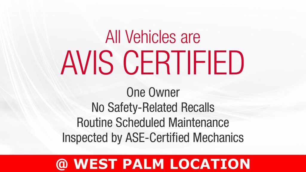Certification Program Details: Avis Certified vehicles all have a 170 point inspection performed by ASE mechanics. They also are recall free, one owner and have powertrain warranty covering the vehicles for 12 months/ 12,000 miles at no additional charge. Additional balance of original factory limited warranty may also apply.
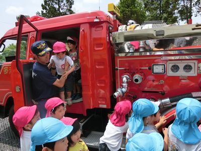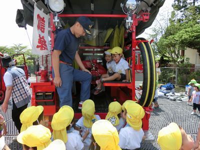 消防車に乗せてもらったり隅々まで見せてもらったり使い方を教えてもらったり・・・間近に見る消防車の迫力と憧れの車に乗れる喜びで興奮気味の子ども達でした。
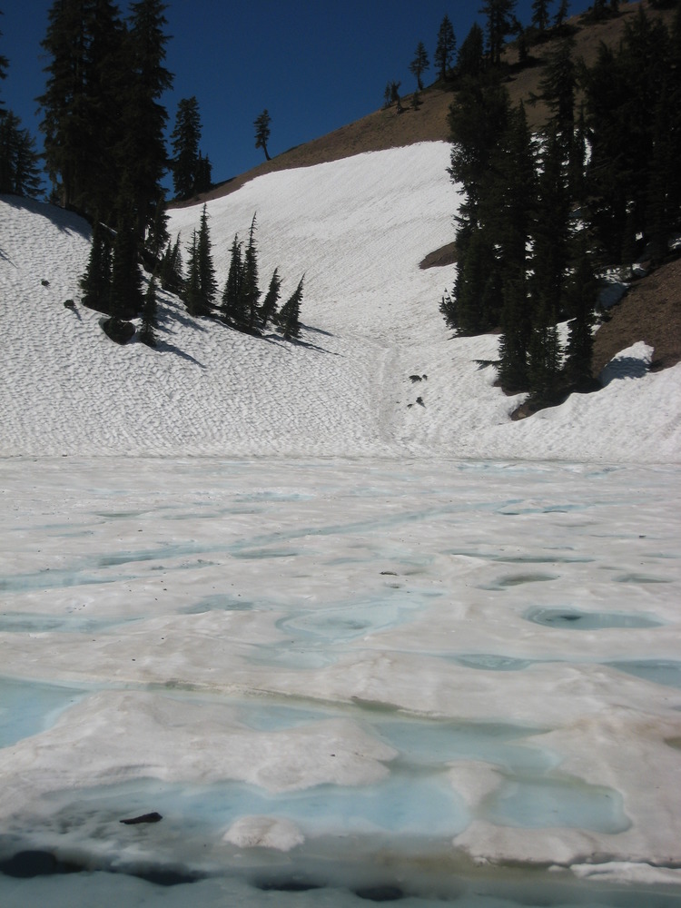 Ice formations and blue ice on the frozen Ridge Lakes with snow on the nearby hillsides.
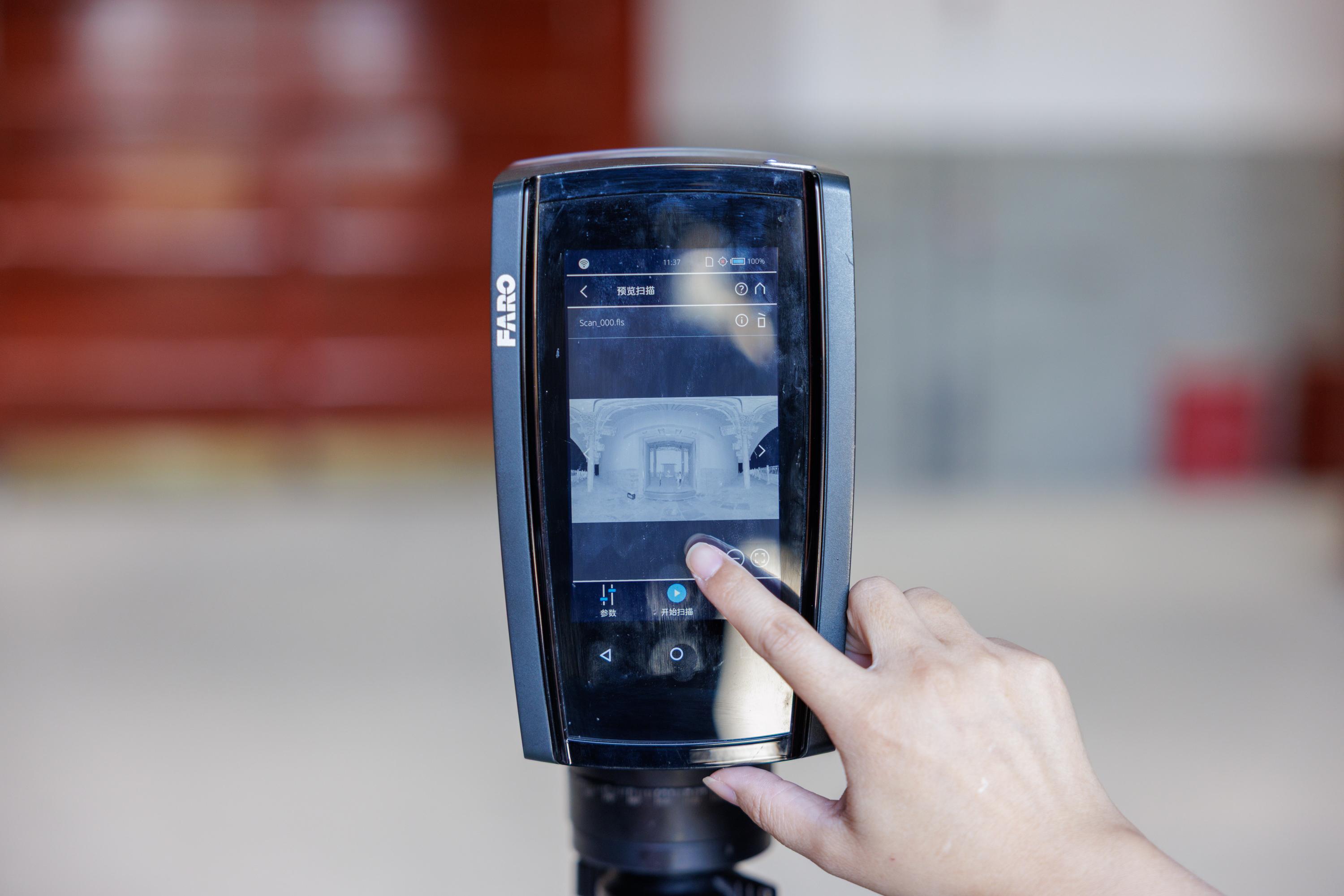 北京正阳门,数据采集设备显示刚刚采集的影像。新京报记者 王子诚 摄
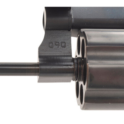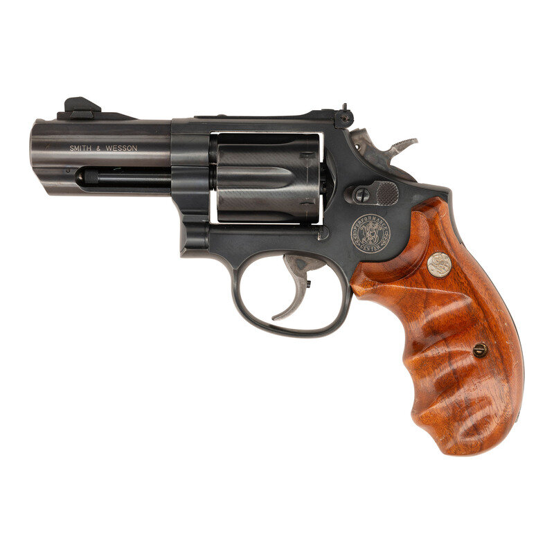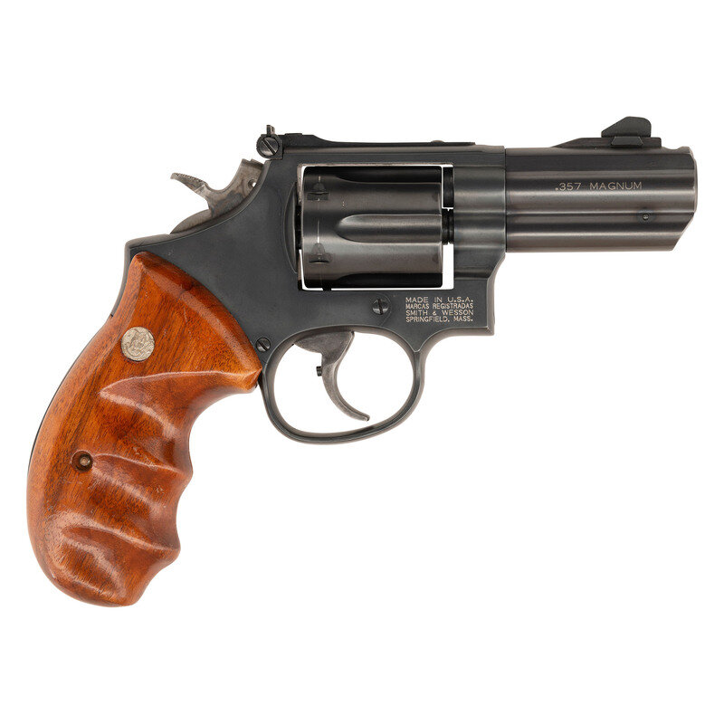 .357 Magnum. 3" barrel length. SN: SDA0910. Matte blued metal finish overall with color case hardened hammer and trigger mounting Smith & Wesson medallion walnut grips. Double action six-shot hand ejector revolver with ported muzzle. Item mounts adjustable rear notch and tritium front blade sights. Standard make and model markings appear overall including Smith & Wesson's PERFORMANCE/CENTER seal to the left frame and four-line address mark to the right. Barrel flanks show the standard make and caliber markings. Item manufactured without the internal security lock system.
☆ ☆ ☆
### What is expected
Print all of the entries word for word. Skip any images they contain.

### Finished task
Certification Program Details: Avis Certified vehicles all have a 170 point inspection performed by ASE mechanics. They also are recall free, one owner and have powertrain warranty covering the vehicles for 12 months/ 12,000 miles at no additional charge. Additional balance of original factory limited warranty may also apply.
 消防車に乗せてもらったり隅々まで見せてもらったり使い方を教えてもらったり・・・間近に見る消防車の迫力と憧れの車に乗れる喜びで興奮気味の子ども達でした。
 Ice formations and blue ice on the frozen Ridge Lakes with snow on the nearby hillsides.
 北京正阳门,数据采集设备显示刚刚采集的影像。新京报记者 王子诚 摄
 .357 Magnum. 3" barrel length. SN: SDA0910. Matte blued metal finish overall with color case hardened hammer and trigger mounting Smith & Wesson medallion walnut grips. Double action six-shot hand ejector revolver with ported muzzle. Item mounts adjustable rear notch and tritium front blade sights. Standard make and model markings appear overall including Smith & Wesson's PERFORMANCE/CENTER seal to the left frame and four-line address mark to the right. Barrel flanks show the standard make and caliber markings. Item manufactured without the internal security lock system.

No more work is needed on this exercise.